Она опять рассмеялась:
— Это нелегко. Мне кажется, я вообще ничего не хочу.
— Туфли нужны для того, чтобы в них убегать. Может, все дело в этом?
Она изумленно уставилась на меня:
— Да, может быть? А от чего убегать?
— Да от всего. Хоть от себя самого.
— Нет. И не так это просто. Попробуй сперва разберись, кто ты такой. Не разберешь, только всю жизнь проходишь вокруг да около.
Мы подходили к Пятьдесят седьмой улице. На Второй авеню гомосексуалисты выгуливали пуделей. Примерно полдюжины королевских пуделей рядком уселись над сточной канавой и справляли нужду. Они смотрелись словно аллея черных сфинксов. Их хозяева, гордые и взволнованные, стояли неподалеку.
— Вот здесь я пока и живу, — сказала Мария Фиола. Она в нерешительности остановилась в дверях. — Как хорошо, что вы не задаете всех тех вопросов, с которыми пристают остальные. Вы разве нелюбопытны?

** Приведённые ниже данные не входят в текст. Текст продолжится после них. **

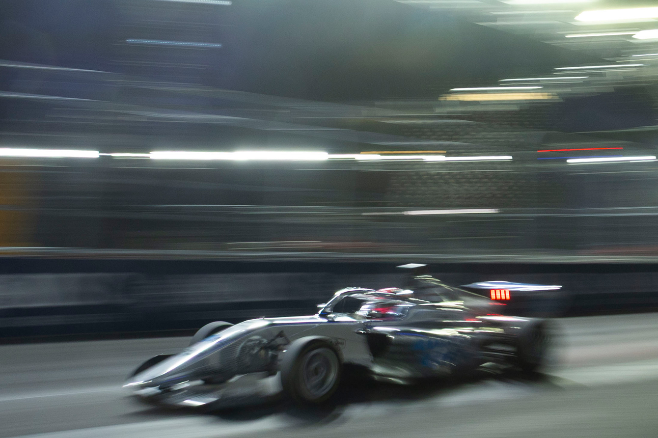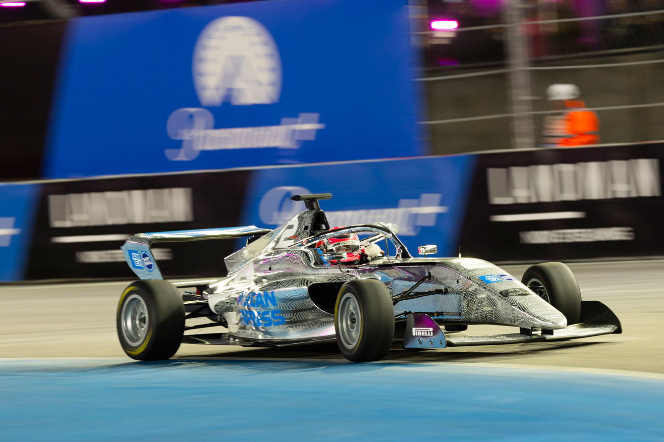 Rain-soaked streets set the stage for a chaotic Race 1 in Las Vegas. Even before the lights went out, the wet conditions saw all drivers change to wet tires. Polesitter Nina Gademan required a front-wing change, while Canadian Nicole Havrda – already starting last due to a qualifying problem – opted to begin from the pit lane.

— Нет, — ответил я, притягивая ее к себе. — Я принимаю все как оно есть.
Она не сопротивлялась.
— Значит, пусть все так и будет? — спросила она. — Будем принимать все как есть? Все, что приносит случай? И не больше?
— Не больше, — ответил я и поцеловал ее. — «Больше» значит боль и обман. Кому это нужно?
Ее глаза были широко распахнуты. В них отражался свет уличных фонарей.
— Хорошо, — согласилась она. — Если только это возможно! Хорошо, — повторила она. — D’accordo! [28]
X
Я сидел в приемной адвоката Левина. Было раннее утро, но приемная была уже почти до отказа заполнена посетителями. Между кактусами и прочими домашними растениями, напрочь лишенными цветов, — вроде той растительности, которой в мясных лавках частенько украшают поросячьи туши, — на неудобных стульях сидело, наверное, человек пятнадцать. Тут же был и небольшой диванчик, который целиком оккупировала жирная дама в шляпке с вуалью и с золотой цепью на шее; она гордо восседала на нем, словно громадная жаба, а возле нее пристроился мальтийский шпиц. Сесть рядом с ними больше никто не осмелился. Было сразу видно, что эта дама не эмигрантка — в отличие от большинства присутствующих. Их было нетрудно распознать по тому забитому виду, с которым они жались поближе к углам.